Vulnerable Client? – Not me

Category: wellbeing

Our regulator, the Financial Conduct Authority (FCA), expects us to identify vulnerable customers, have processes in place to support them and ensure any potential harm is mitigated.
But what does this mean?
Of course, it is always a good idea to stay on the right side of any Government body which could affect our business, but we believe there is a moral responsibility which is much more important.
We are not comfortable with the expression ‘vulnerable client’. It has all too often been a lazy stereotype for old, frail, senile. From my experience, nobody is keen on being labelled in this way, and people may find it difficult to discuss what they are going through due to embarrassment and for fear of judgement.
We prefer to think of it as ‘someone who, due to their personal circumstances, may be especially susceptible to harm’. 
Looking at it in this way leads to a spectrum of possible risk. Everyone could potentially become vulnerable at some point throughout their lives.
We think about four categories of vulnerability:


 – disability, illness, visual or hearing impairment, anxiety or depression


– low verbal or numeracy skills, lack of knowledge or confidence in financial matters


– low or inconsistent income, low levels of savings, high debt

Life events

– relationship breakdown, retirement, bereavement, caring responsibilities
The FCA 2020 Financial Lives Survey estimated that 46% of the population displayed one or more of these characteristics. The survey was carried out at the time of our first experience of Covid, which may have had a significant effect on the results, but it does represent a major shift from the general view that vulnerability only affects a small minority of older people.

This year, events may have led to financial hardship and feelings of uncertainty and being overwhelmed.

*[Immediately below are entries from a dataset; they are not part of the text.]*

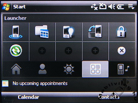 Ami a kijelzőt igazán egyedivé teszi, az nem más, mint a HTC által rávarázsolt tartalom, vagyis konkrétan a HTC Home nevezetű Today plug-in. Ez a hasznos és egyben pofás megoldás már az alapkijelzőn közli velünk az üzenetekkel, hívásokkal és profilokkal kapcsolatos információkat, illetve segítségével elforgathatjuk az LCD tartalmát és a fényerőt is szabályozhatjuk. Ami a legjobban tetszett, az az időjárással kapcsolatos funkció: az internet segítségével folyamatosan frissülő alkalmazás nem csak az aktuális időjárási helyzetet, hanem négynapos előrejelzést is közöl velünk, ráadásul teszi mindezt abszolút informatív és tetszetős formában.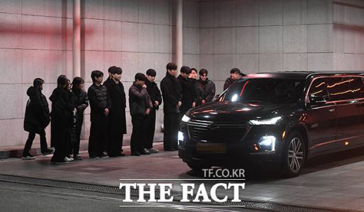 [더팩트ㅣ장윤석 기자] 배우 김새론의 발인이 19일 오전 서울 송파구 서울아산병원 장례식장에서 엄수된 가운데 고인의 지인들이 운구하고 있다.
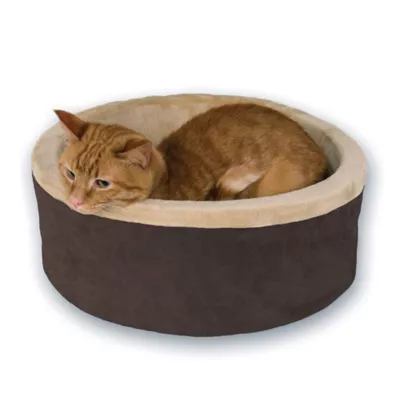 The K&H Thermo-Kitty Bed includes a dual thermostat, 4-watt heating unit buried within its thick premium polyfil pillow base. The internal thermostat warms the surface of this heated cat bed to about 10-15 degrees above ambient air temperature when not in use. When not in use the bed may not feel warm to your touch, but your pet can sense the heat coming from the bed. Once your pet lies in the bed it warms to your pet's normal body temperature to keep them cozy warm. The heater is removable and the cover is machine washable. Available in multiple sizes and colors. Indoor household use only, MET Safety Listed, one-year warranty. TIP: To test your K&H Thermo-Kitty Bed simply place a pillow or book in the center of the bed. After 15 minutes feel the surface of the bed, it will be warm, not hot. Remember, the surface of this heated pet bed will not feel warm to the touch until your pet is in the bed.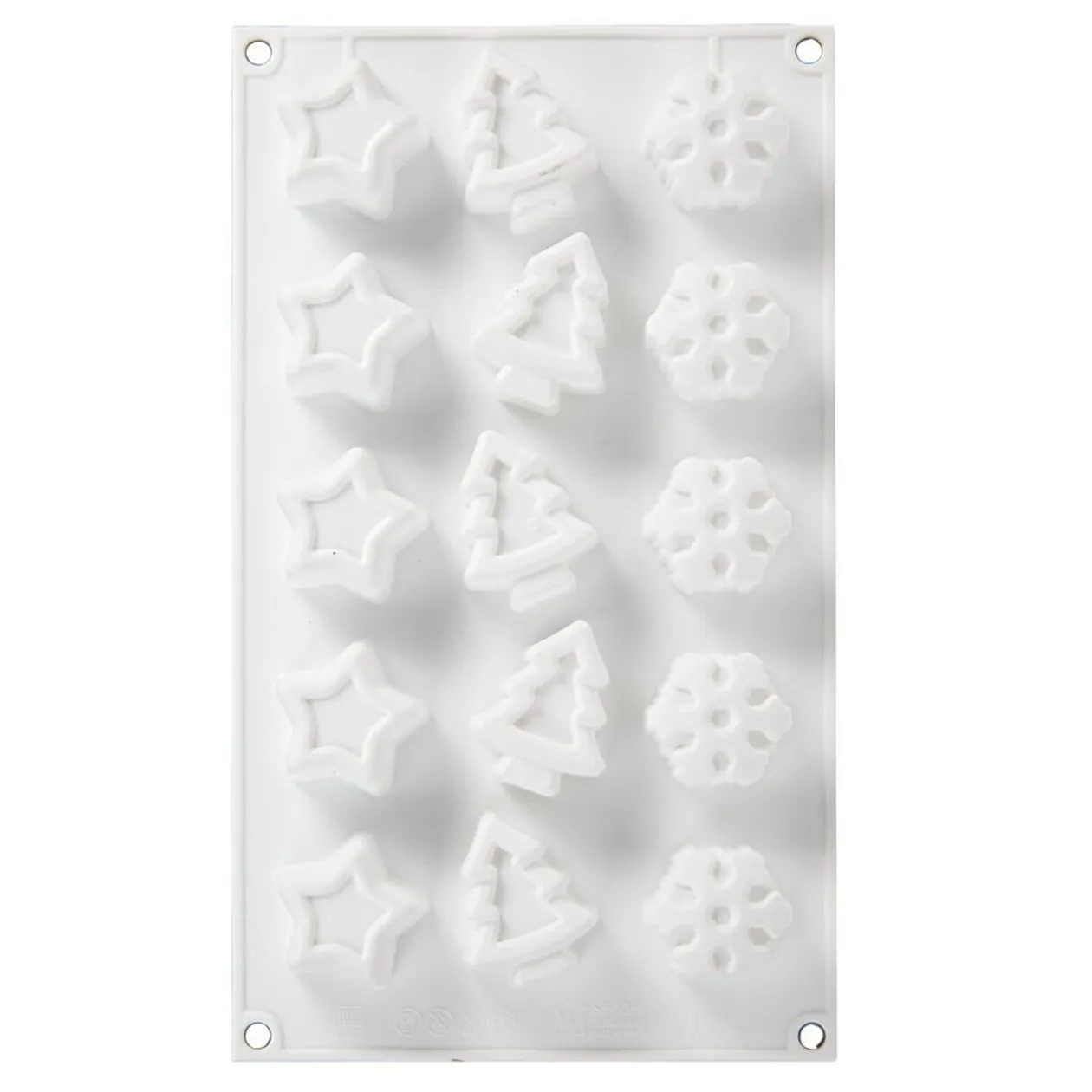 Moule en silicone avec 15 empreintes de formes différentes: sapins, étoiles, flocons.
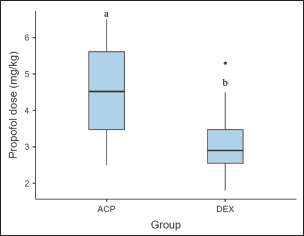 Fig. 1. Total dose of propofol for anesthetic induction in dogs that received premedication with 0.02 mg/kg acepromazine and 0.3 mg/kg methadone (ACP Group) or 2 µg/kg dexmedetomidine and 0.3 mg/kg methadone (DEX Group) (n=12). The boxes show the interquartile range, the whiskers show the minimum and maximum values, and the lines within the boxes represent the medians. Outliers are marked as points. Significance was set at p < 0.05. Different letters indicate statistical differences between groups. The exclusion criteria were conditions requiring alterations in the established protocols, such as allergic reactions to propofol, highly aggressive dogs requiring deeper sedation scores in premedication, continuous medication use (e.g., anxiolytics), complications necessitating additional therapy (e.g., severe bradycardia with hypotension before anesthetic induction), or cases where complete data collection was not possible. Study protocolDogs were randomly randomized into one of two groups using a random number generator (Excel 2016; Microsoft Corporation, WA, USA). The groups differed based on the type of premedication administered: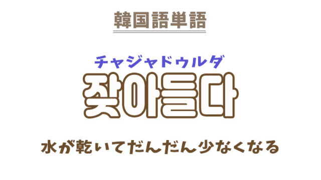 単語・慣用句 韓国語【잦아들다】を覚える! 2023年5月3日 makumaku 잦아들다チャジャドゥルダ 水が乾いてだんだん少なくなる〔動詞〕 一緒に覚える! 【잦다】:だんだん減って少し残る〔動詞〕 【잦아들다】の解説 …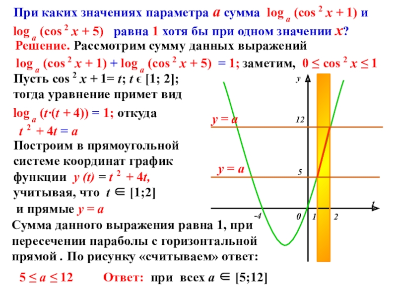 При каких значениях параметра а сумма log a (cos 2 x + 1) и log a (cos 2 x + 5) равна 1 хотя бы при одном значении х?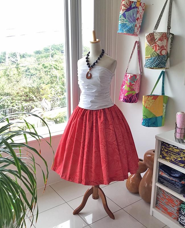 プルメリアやレフア、モンステラなどの草花が描かれたファブリックで仕立てたパウスカートです。鮮やかなレッドが印象的な一枚です。

It is difficult to see that changing in the coming months.

Beyond these perhaps short-term issues, it would be surprising if most of us did not experience at least some of these characteristics during our lives, whether on a permanent or temporary basis, and may sometimes have to deal with several at the same time.

These events do not necessarily mean that people will experience harm, but we would want to recognise there may be additional or different needs, and be aware of any changes in behaviour. None of us make very good decisions at times of stress and uncertainty.

At Serenity, our work is based on long-term relationships with our clients. We are determined that all members of our team have the knowledge and understanding to recognise important changes in clients lives. This forms part of our regular meetings and ongoing training for all members of the team.

But also, we trust that clients feel confident in discussing with us what are perhaps intimate details of how they are coping with the challenges of everyday life. We all struggle from time-to-time, but we are here to help and support you.